Major Benefits to RRSPs:
- Tax-deductible contributions
- Tax deferral of compounding income and growth
A registered education savings plan (RESP) is great way to help finance post-secondary education. It's great for families with children, or anyone planning for education in the future.
Major Benefits to RESPs:
- A government RESP grant is available to many based on a family's net income and the amount contributed.
- When the student makes a withdrawal they typically pay little tax due to the low income tax rate of a student.
Segregated Fund Policies
In a segregated fund, investments are made into various securities on your behalf by a professional fund manager. The investment’s unit values will increase or decrease depending on the performance of the segregated funds selected. Because segregated funds can be useful in accumulating wealth they can fortify your investment portfolio.
- Savings on possible probate fees
- Potential for creditor protection
- No trustee fees
* Segregated funds will increase or decrease in value, all investments are at the risk of the policyholder.

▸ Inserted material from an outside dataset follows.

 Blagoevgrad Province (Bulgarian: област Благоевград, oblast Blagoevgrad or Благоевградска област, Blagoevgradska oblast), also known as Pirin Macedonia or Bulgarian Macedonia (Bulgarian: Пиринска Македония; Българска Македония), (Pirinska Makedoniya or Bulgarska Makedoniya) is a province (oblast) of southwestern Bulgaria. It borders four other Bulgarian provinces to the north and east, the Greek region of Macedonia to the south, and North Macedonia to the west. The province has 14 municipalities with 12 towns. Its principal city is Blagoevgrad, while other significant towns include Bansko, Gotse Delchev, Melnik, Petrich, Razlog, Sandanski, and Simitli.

While all investments involve some risk, an asset allocation strategy attempts to diminish or balance the risk versus the reward. The theory is based on the principle that different assets perform differently, and have varying cycles of performance in different economic and market conditions. By selecting a mix of asset classes that match the risk tolerance, goals and investment times in your financial portfolio, the return will be more stable than when investing in any one class alone.
Each client's individual strategy is unique as it is created based on the key elements of their financial profile:
- Risk Tolerance: based inflation and interest risk, as well as on the investor's comfort level with the possibility of market fluctuations.

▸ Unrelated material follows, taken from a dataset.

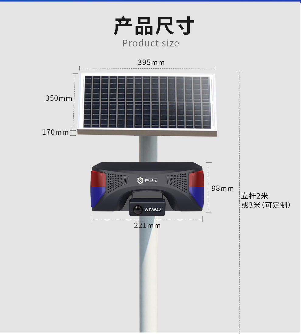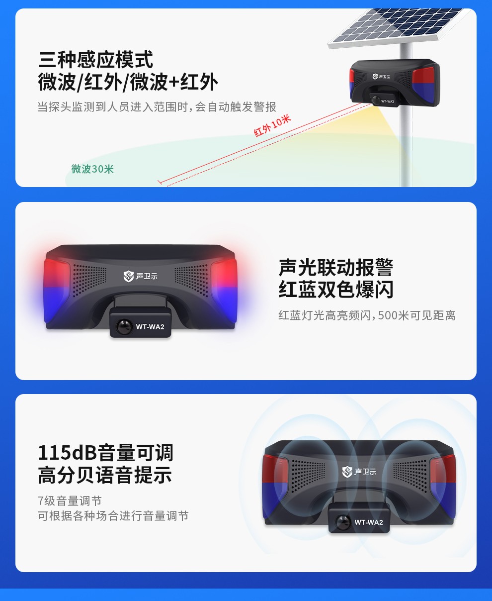 聲衛(wèi)示W(wǎng)T-WA2工地安全太陽(yáng)能語(yǔ)音宣傳桿,專為建筑工地、道路施工等作業(yè)區(qū)域的安全防護(hù)設(shè)計(jì)。設(shè)備搭載紅外/微波雙模感應(yīng)技術(shù)(紅外感應(yīng)8米,微波感應(yīng)10米),有效探測(cè)進(jìn)入危險(xiǎn)區(qū)域的人員與車(chē)輛。當(dāng)檢測(cè)到目標(biāo),設(shè)備即刻激活115分貝高響度語(yǔ)音警示播報(bào)(如“請(qǐng)佩戴安全帽”、“注意高空墜物”等)并啟動(dòng)強(qiáng)效聲光警示系統(tǒng),及時(shí)提醒現(xiàn)場(chǎng)人員規(guī)避風(fēng)險(xiǎn)。支持通過(guò)手機(jī)APP遠(yuǎn)程管理設(shè)備狀態(tài)及靈活更新定制化警示語(yǔ)音內(nèi)容,適應(yīng)不同施工階段的安全管理需求。提供插電、充電與太陽(yáng)能三模供電,確保各類工地環(huán)境(尤其無(wú)市電區(qū)域)的持續(xù)穩(wěn)定運(yùn)行。具備IPX5基礎(chǔ)防水防塵能力,可抵御工地常見(jiàn)雨水、粉塵侵襲,在-20℃至60℃寬溫條件下可靠工作。本設(shè)備集智能探測(cè)、可定制語(yǔ)音宣傳、聲光警示與遠(yuǎn)程管控于一體,顯著提升施工現(xiàn)場(chǎng)的安全預(yù)警能力與主動(dòng)管理效率,是構(gòu)建智慧化工地安全體系的重要設(shè)施。

- Investment Preferences: some investors prefer certain assets based on personal preference, or interests.
- Investment Objectives: Are the goals of the investor long-term or short-term, to fund a specific goal or achieve capital growth? These factors must be taken into consideration when choosing the right assets and classes.
- Time Horizon: We must consider the length of time the investor has to commit the assets.
- Taxation: mixing asset classes will create varied tax consequences.
The one thing your financial adviser can tell you without any doubt is that the market will change. It fluctuates by the minute, and so can your portfolio; therefore it is important to regularly review your asset allocation strategy and ensure that it still reflects your goals and priorities. This is what happens in an evolving strategy, we help your investments evolve with you so that they keep working for you.